Operators import via:

  pnpm dlx @grafana/cli dashboard import     tools/dev/dashboards/critique.json

or paste into a provisioned dashboards directory. The file is
checked into the repo as a starting artifact; alert rules and
SLO panels ship after the first 1000 runs inform the right
thresholds. JSON validates with node -e 'JSON.parse(...)' (sanity
checked locally).

* feat(daemon): OpenTelemetry outer span around the critique run

Wraps each runOrchestrator call in a 'critique.run' span via the
existing @opentelemetry/api dep added in the Phase 12 foundations
commit. Attributes set on the span:

- critique.run_id, critique.adapter, critique.skill at start
- critique.final_status, critique.final_composite on terminal
  resolution
- span status flipped to ERROR for failed / timed_out runs so a
  Tempo / Honeycomb / Jaeger filter on traces.status=error
  surfaces the right slice without joining back to Prometheus

No exporter is wired by default; @opentelemetry/api is the API
package and intentionally splits from @opentelemetry/sdk-*, so
the span is zero-overhead until an operator attaches an SDK
through their runtime config.

Inner per-round / parse_chunk / scoreboard_eval / persist_round /
ship.persist spans defined in the Phase 12 plan are a follow-up:
the outer span alone gives the trace a duration + final status +
adapter/skill labels, which is the 80% value for dashboards that
correlate runs across services. Adding child spans inside the
existing 600-line orchestrator without restructuring is a separate
careful change.

Verification:
- pnpm --filter @open-design/daemon typecheck: clean
- 29 / 29 critique + metrics + logging tests still green

* fix(nix): bump pnpmDepsHash for prom-client + @opentelemetry/api lockfile bump

nix-check failed on PR #1485 with hash mismatch in
open-design-daemon-pnpm-deps and open-design-web-pnpm-deps after
the Phase 12 foundations commit (2b8b7445) added prom-client and
@opentelemetry/api to apps/daemon/package.json and refreshed
pnpm-lock.yaml.

CI reported the new sha:
  specified: HFLm+8hv3o5x3Xem4MXNsNclIgiVRc70+EBafL0rVn8=
  got:       7R1sQC38gOT0gsZ2oNOviCZ486cbbGJGJCis6WI8z9s=

Both nix files pin the same workspace lockfile, so both flip in
lockstep. No other Nix surface changes required.

* fix(daemon): four Phase 12 review findings (Codex P2 x2 + Siri-Ray P2 + lefarcen P2)

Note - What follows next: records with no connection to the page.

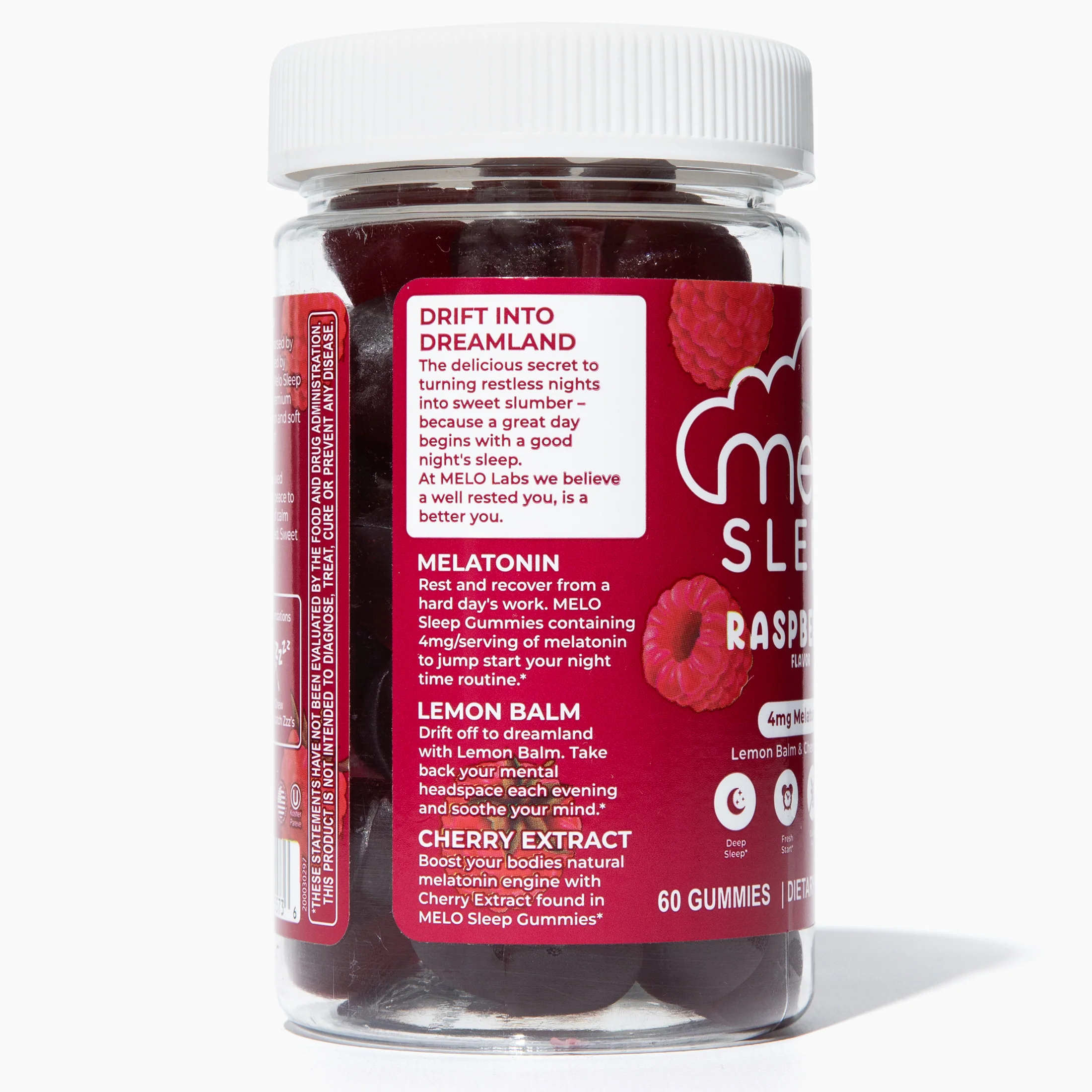 Drift into deep, restful sleep with MELO Sleep Gummies—crafted with 4 mg of melatonin and natural ingredients to help you unwind and wake up refreshed. Deliciously soft and vegan-friendly, they make better sleep as easy as a tasty bedtime treat.
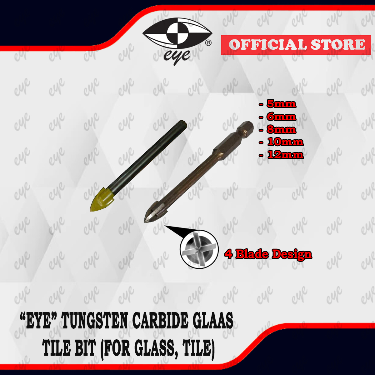 [ EYE ] Tungsten Carbide Glass Tile Bit / TCT Tip Drill Bit Head High Quality ( For Glass/Tile ) ( 12GTB00 ): 12MM 12GTB0010
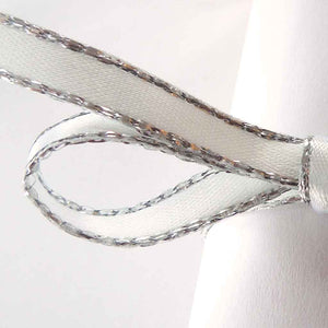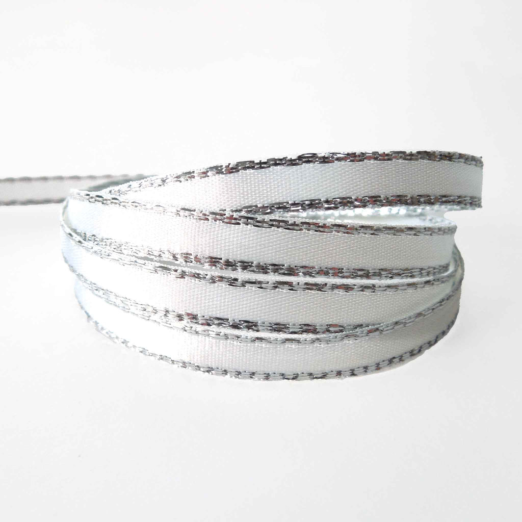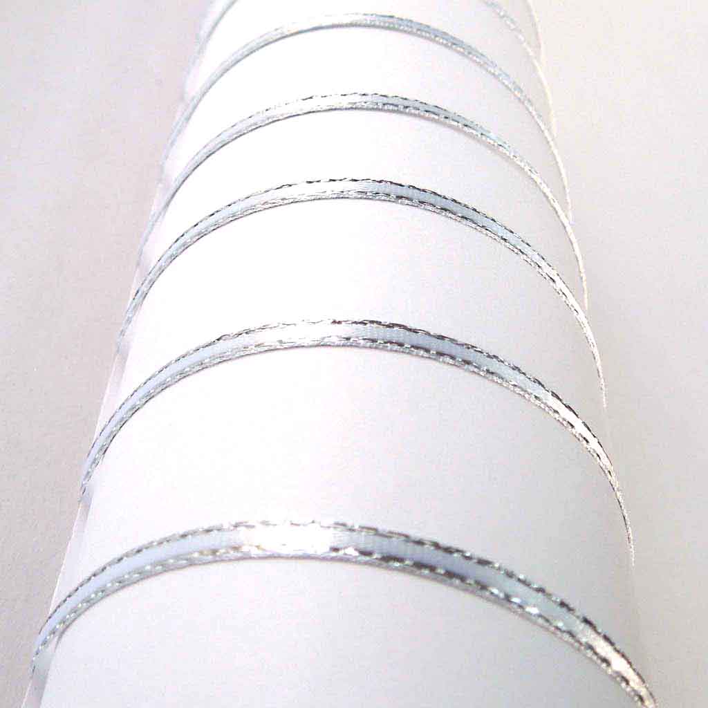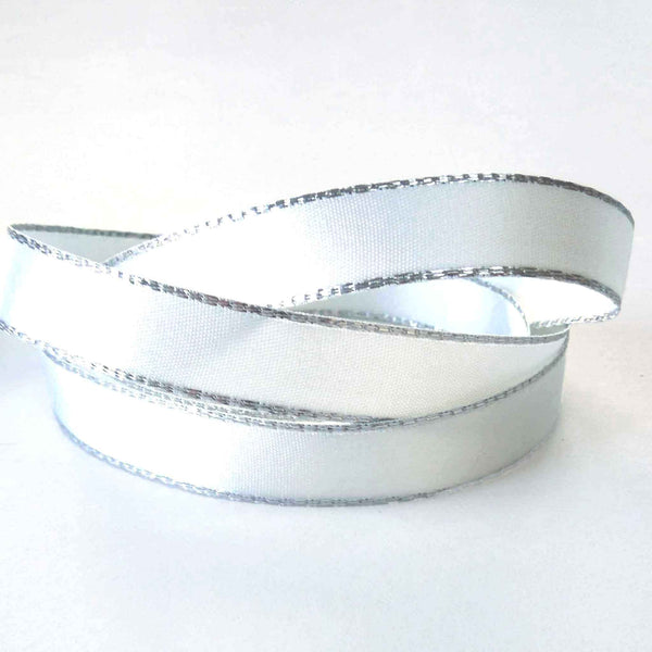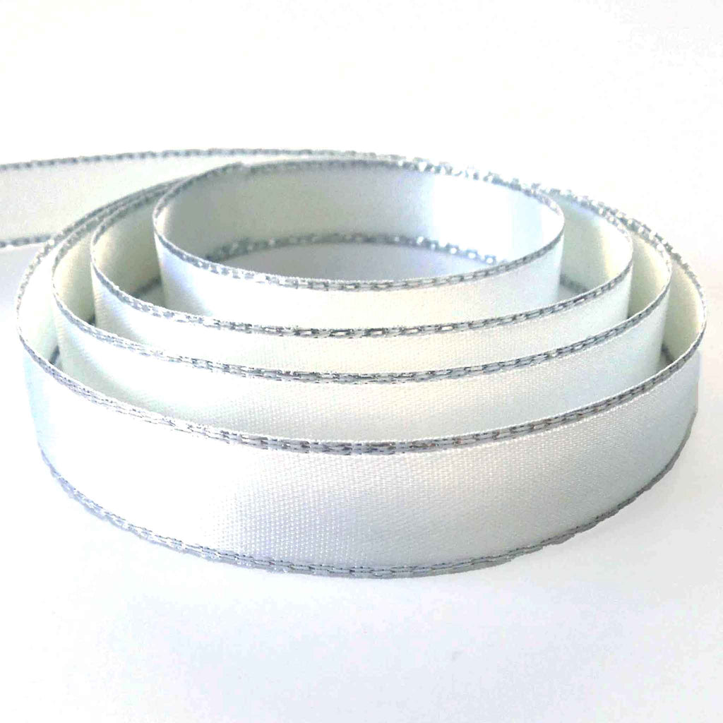 A luxurious white satin ribbon with a decorative silver metallic edge by Berisfords. All the luxury of a satin ribbon but a little added sparkle. Use this ribbon to add just a touch of sparkle to your projects very sophisticated and stylish!
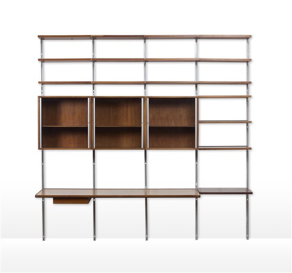 Four-span bookcase with open shelves and three showcase cabinets of the series "E22". Produced by Tecno, Varedo, 1970s. Metal and solid and veneer wood. Production label. (283x281x59 cm.) (defects and losses)
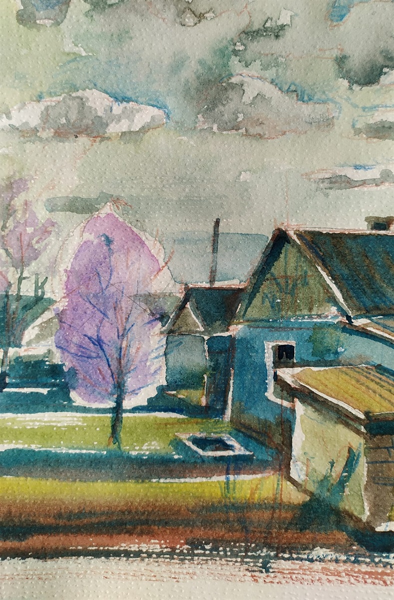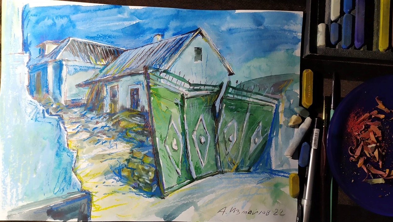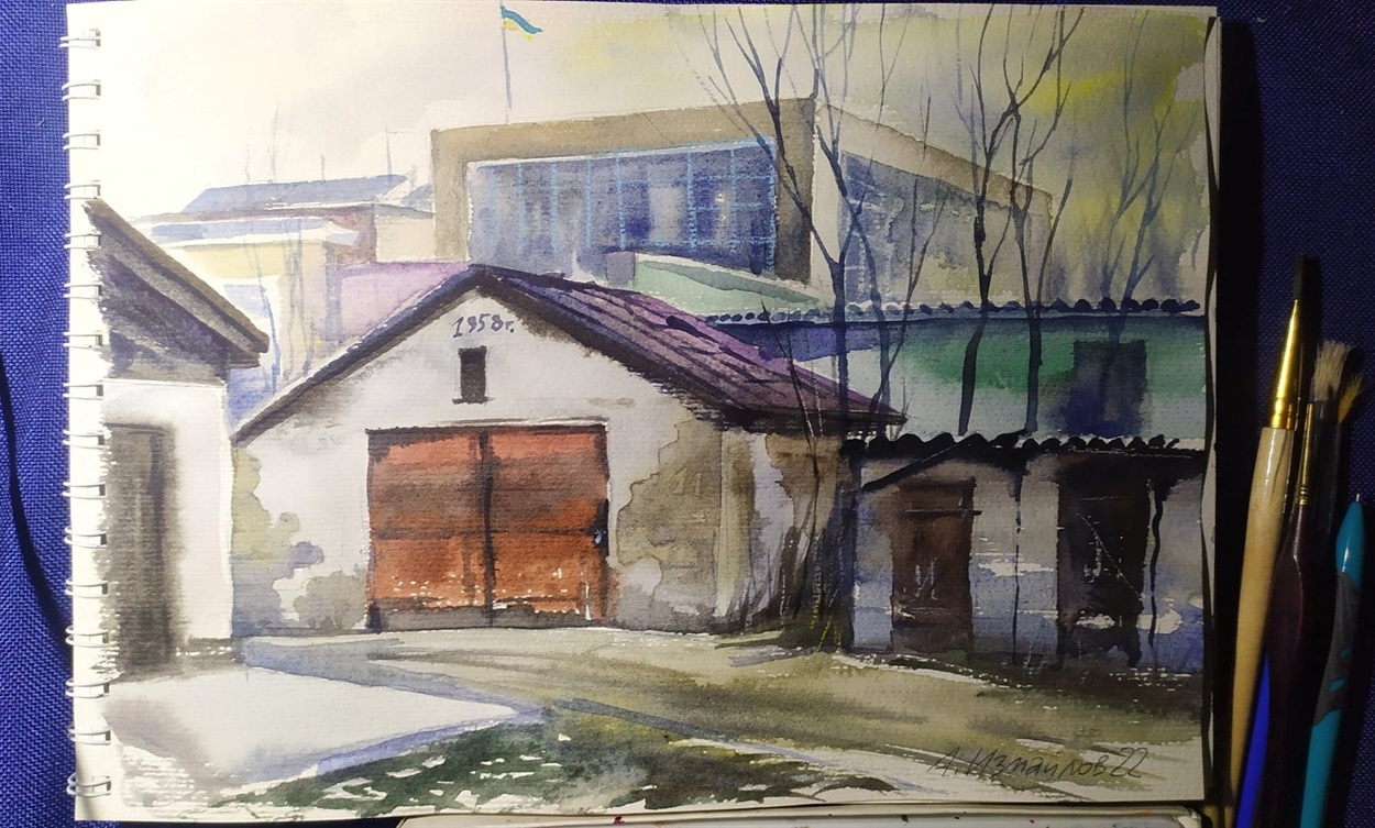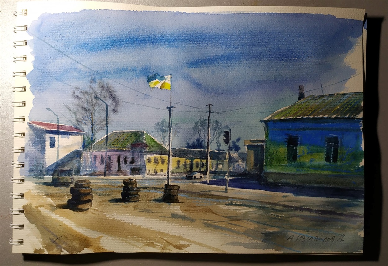 — Так. В перший день я поїхав на роботу, забрав звідти всі цінні речі. І цілий день сидів вдома і малював. Навіть є перший малюнок — акварель «Тривожне небо над моїм домом». Саме 24 лютого я його й малював.
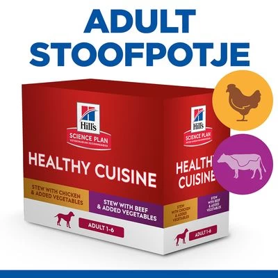 Heerlijk sappig en simpelweg lekker: met Hil’s Science Plan Canine Adult Healthy Cuisine met Kip & Rund wordt iedere maaltijd een feestmaal. Het is een appetijtelijk stoofpotje voor volwassen honden, dat met smaakvolle ingrediënten bereid is en perfect afgestemd is op de behoeftes van je lieveling.

1. Siri-Ray P2 in orchestrator.ts (round metric / log used untrusted
   agent values). The new observability path now records rs.composite
   and rs.mustFix (daemon-authoritative) instead of event.composite
   and event.mustFix when rs exists, and skips the bumps + log
   entirely when rs is missing (a degenerate round_end without any
   matching panelist_open). The dashboard p50 / p90 / p99 now agrees
   with persistence and ship decisions; an adapter reporting <ROUND_END
   composite='10'> while the daemon computed 6 logs 6 and still emits
   the composite_mismatch parser warning the prior block was already
   producing.

2. Codex P2 in server.ts (skill label always 'unknown'). The spawn
   path called runOrchestrator without passing the resolved skill id,
   so every live run bumped open_design_critique_*{skill='unknown'}
   and the per-skill dashboard breakdown was always empty. Threaded
   effectiveSkillId (already computed at the same handler scope as
   the project skill fallback) through skill: . . . so the metric
   reflects the real skill when one is assigned, and the orchestrator
   default of 'unknown' only fires for runs that genuinely have none.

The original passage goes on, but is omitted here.